Hi, I’m trying to adapt the stallion example to use a RecurrentNetwork. As long as the target and the time_varying_unknown_reals are matched, as in

target=["volume"]
time_varying_unknown_reals = ["volume"]
# OR
target=["volume", "log_volume"]
time_varying_unknown_reals = ["volume", "log_volume"]

everything is fine. When the inputs differ from the targets though, as in

target=["volume"]
time_varying_unknown_reals = ["volume", "log_volume"]

I get the following error

Traceback (most recent call last):
  File "/home/carlo/Git/pytorch-forecasting/examples/stallion_rnn.py", line 123, in <module>
    model = RecurrentNetwork.from_dataset(
  File "/home/carlo/miniconda3/lib/python3.9/site-packages/pytorch_forecasting/models/rnn/__init__.py", line 157, in from_dataset
    return super().from_dataset(
  File "/home/carlo/miniconda3/lib/python3.9/site-packages/pytorch_forecasting/models/base_model.py", line 1355, in from_dataset
    return super().from_dataset(dataset, **new_kwargs)
  File "/home/carlo/miniconda3/lib/python3.9/site-packages/pytorch_forecasting/models/base_model.py", line 1637, in from_dataset
    return super().from_dataset(dataset, **kwargs)
  File "/home/carlo/miniconda3/lib/python3.9/site-packages/pytorch_forecasting/models/base_model.py", line 907, in from_dataset
    net = cls(**kwargs)
  File "/home/carlo/miniconda3/lib/python3.9/site-packages/pytorch_forecasting/models/rnn/__init__.py", line 99, in __init__
    assert set(self.encoder_variables) - set(to_list(target)) - set(lagged_target_names) == set(
AssertionError: Encoder and decoder variables have to be the same apart from target variable

So there is no way to perform single target regression without dropping all others covariates. Is this expected or a bug?

Click to expand code!

from pathlib import Path
import pickle
import warnings

import numpy as np
import pandas as pd
from pandas.core.common import SettingWithCopyWarning
import pytorch_lightning as pl
from pytorch_lightning.callbacks import EarlyStopping, LearningRateMonitor
from pytorch_lightning.loggers import TensorBoardLogger
import torch

from pytorch_forecasting import GroupNormalizer, RecurrentNetwork, TimeSeriesDataSet
from pytorch_forecasting.data.examples import get_stallion_data
from pytorch_forecasting.metrics import MAE, RMSE, SMAPE, PoissonLoss, QuantileLoss
from pytorch_forecasting.models.temporal_fusion_transformer.tuning import optimize_hyperparameters
from pytorch_forecasting.utils import profile

warnings.simplefilter("error", category=SettingWithCopyWarning)

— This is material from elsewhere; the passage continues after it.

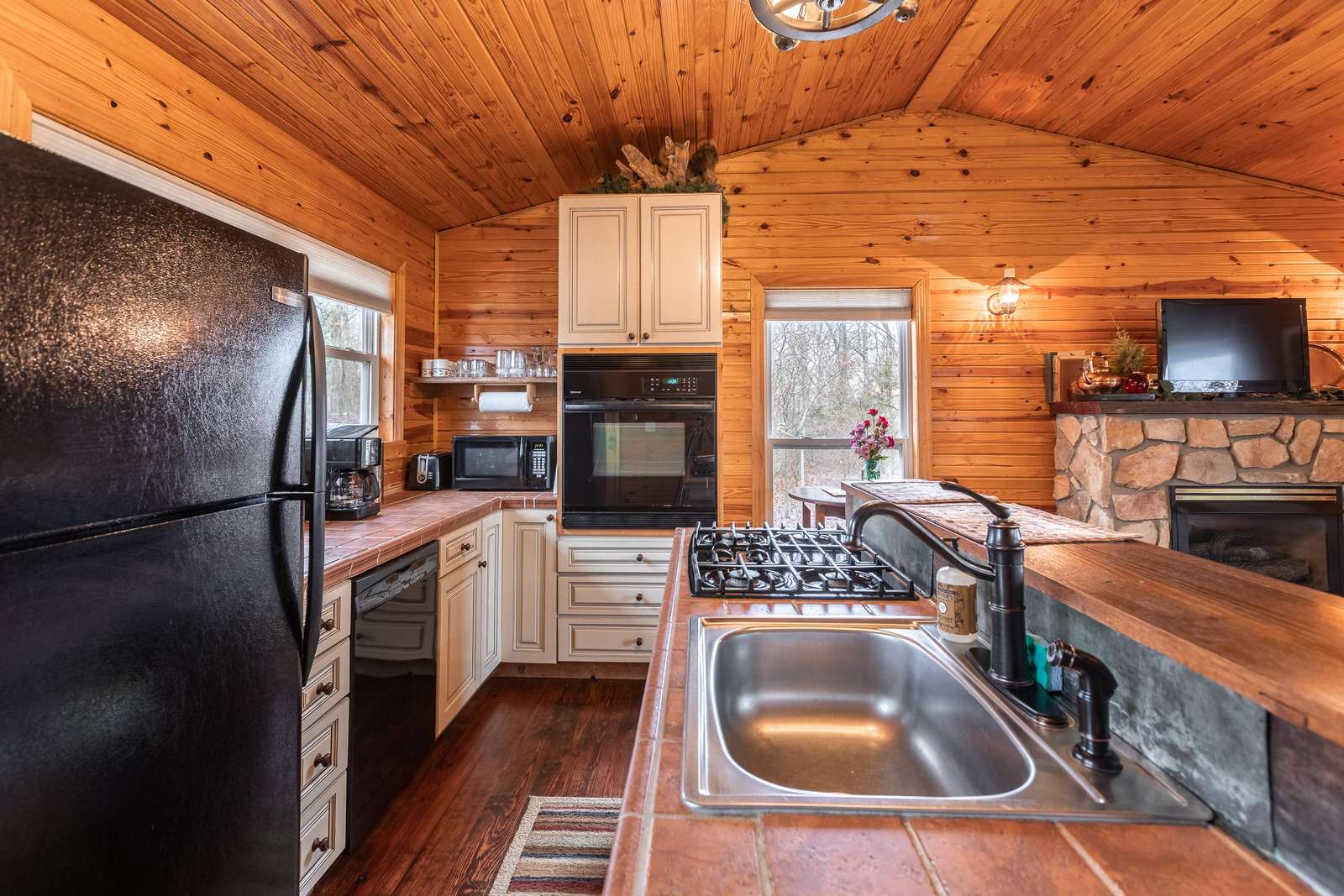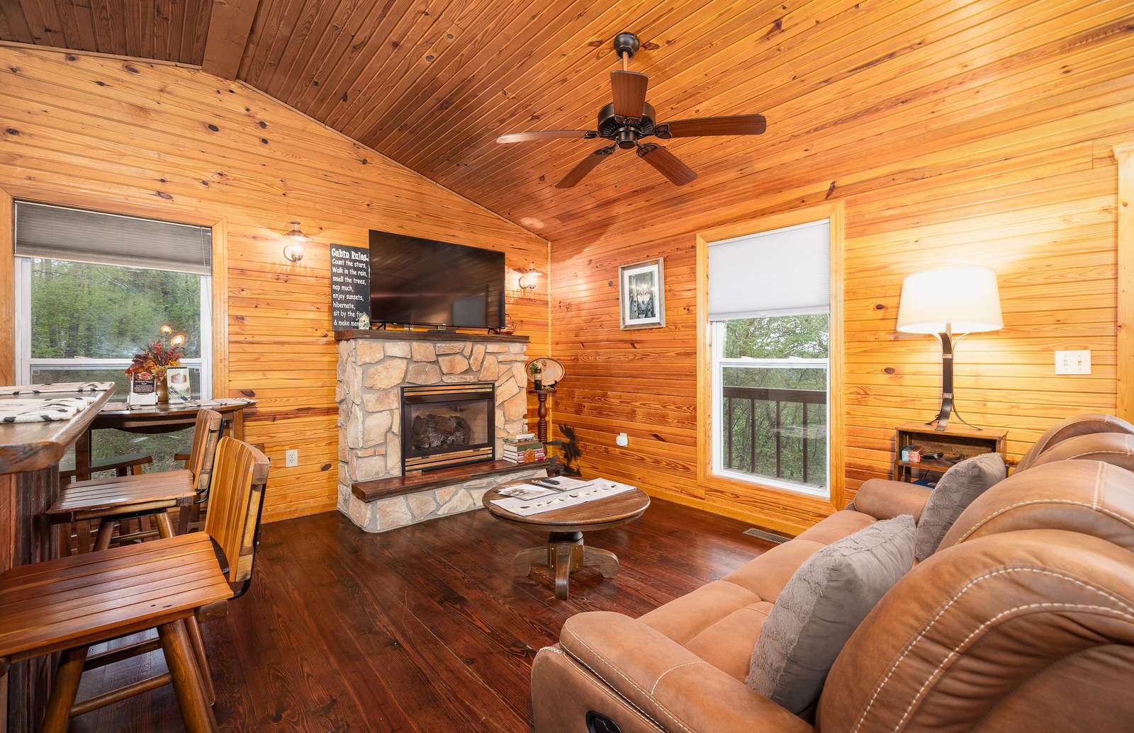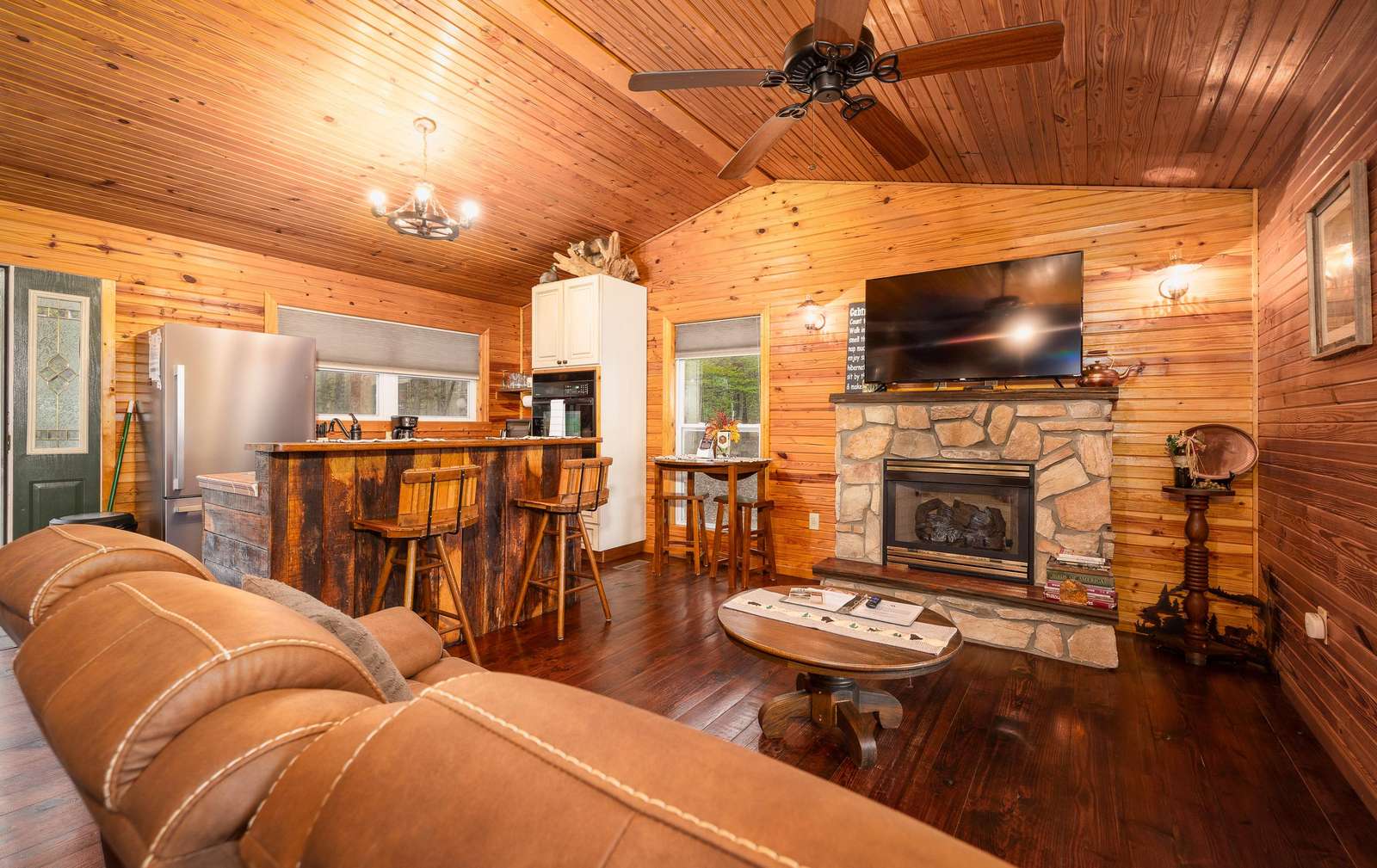 Inside the front door lies the main living area, which has been expertly designed to accommodate everything you need. Honey-colored wood paneling surrounds the room, and large windows let in plenty of the dappled sunlight. In the living space, there’s a plush sofa piled high with comfy throw pillows and facing the stone fireplace. Over the mantel is an HDTV that’s ideal for game day or movie night.

data = get_stallion_data()

data["month"] = data.date.dt.month.astype("str").astype("category")
data["log_volume"] = np.log(data.volume + 1e-8)

data["time_idx"] = data["date"].dt.year * 12 + data["date"].dt.month
data["time_idx"] -= data["time_idx"].min()
data["avg_volume_by_sku"] = data.groupby(["time_idx", "sku"], observed=True).volume.transform("mean")
data["avg_volume_by_agency"] = data.groupby(["time_idx", "agency"], observed=True).volume.transform("mean")
# data = data[lambda x: (x.sku == data.iloc[0]["sku"]) & (x.agency == data.iloc[0]["agency"])]
special_days = [
    "easter_day",
    "good_friday",
    "new_year",
    "christmas",
    "labor_day",
    "independence_day",
    "revolution_day_memorial",
    "regional_games",
    "fifa_u_17_world_cup",
    "football_gold_cup",
    "beer_capital",
    "music_fest",
]
data[special_days] = data[special_days].apply(lambda x: x.map({0: "", 1: x.name})).astype("category")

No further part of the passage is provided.